The results also show that the accuracy increased when more features were added, until the number of features reached 20. After that, the model experienced a decrease in the accuracy. This also can be observed from the other evaluation metric, namely DR, FPR, and F1. The same trend was observed not only for the ADBN-IDS, but also for SVM and LR. The reason is that the model needs sufficient features to make correct decisions. However, when the number of features exceed a certain limit, the model would suffer from high variance that makes it prone to overfitting. The situation exacerbates when the coming observations lack the sufficient attack patterns necessary for clear and accurate decision. This would result to a model that can only recognize the patterns that it has seen, and if new patterns that have less similarity with the known ones are encountered, the likelihood that the model could miss the true classification becomes high.

Figure 1, Figure 2, Figure 3 and Figure 4 show the comparison between the proposed ADBN-IDS and the models built using the SVM and LR, in terms of accuracy, detection rate, false positive rate, and F measure, respectively. The x axis represents the number of features used for training, and the y axis represents the value of performance measure achieved. The comparison was conducted between the ADBN-IDS that employed the BiMAV for adaptation and the conventional approach used in the existing studies [28,29]. As depicted in the figures, the proposed ADBN-IDS outperformed the related techniques in terms of accuracy, detection rate, false positive rate, and the F measure. It can also be observed that the ADBN-IDS maintain a stable increment in the performance for the four measures when the number of features increase until it reaches 20 features where the performance shows declining trend. This is attributed to the efficacy of the BiMAV incorporated for the model adaptation and the reliance on the combination of output and averaged inputs for proximity calculation from the threshold. Such an approach makes the change detection mechanism robust, which avoids unnecessary re-training and only triggers it if the change in the cITS topology or attack behavior is significant. It is also worth noting that the frequency of adaptation varies based on the threshold. When the threshold is set to a higher value, the rate of adaptation becomes less frequent. When the threshold value is set to low, the adaptation frequency increases. Moreover, Figure 5 shows the area under the curve of the proposed model under several thresholds. The x axis represents the false positive rate while the y axis represents the true positive rate. It can be observed that the false positive rate decreases when the detection rate increases.

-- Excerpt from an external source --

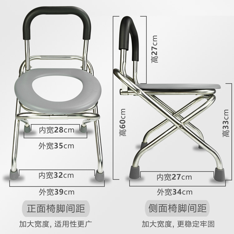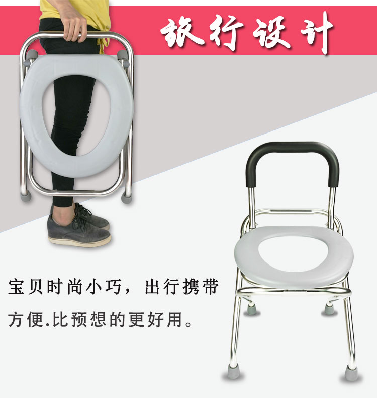 赠送便桶坐垫【折叠小巧!携带轻便】可折叠不锈钢老人坐便椅孕妇坐便器厕所蹲厕大便凳马桶病人座徐小。ry
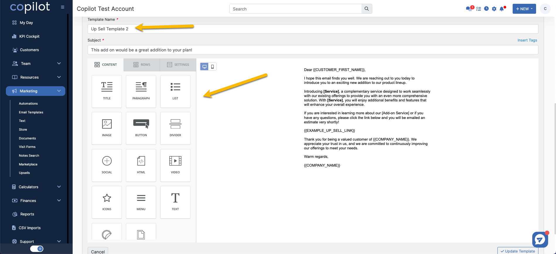 First, you'll need to set up some email templates that better describe the services you'd like to upsell and create the content you'd like on that txt or email template that will be sent out to the customer. You can start creating those templates by selecting "Marketing>Email templates".

8. Conclusions and Summary

In this paper, our adaptive deep belief network-based intrusion detection system (ADBN-IDS) for cITS is described. ADBN-IDS is composed of three components: pre-processing, feature selection, and training/testing. Thus, the model is created from the deep belief network (DBN) classifier, and includes the bi-variate moving average (BiMAV) method as our adaptation technique. This inclusion allows the model to cope with the dynamic nature of the cITS environment and has never been tested using the NGSIM dataset.

The classifier was trained using the NGSIM dataset and tested using 10-fold cross validation. The performance of the model was evaluated using several metrics including accuracy, detection rate, false positive rate, and the F1 measure. The evaluation of our results demonstrate that the proposed ADBN-IDS achieved higher performance in terms of accuracy, detection rate, false positive rate, and F1, which indicates the importance of the BiMAV adaptation mechanism in achieving and maintaining a safer more resilient cITS.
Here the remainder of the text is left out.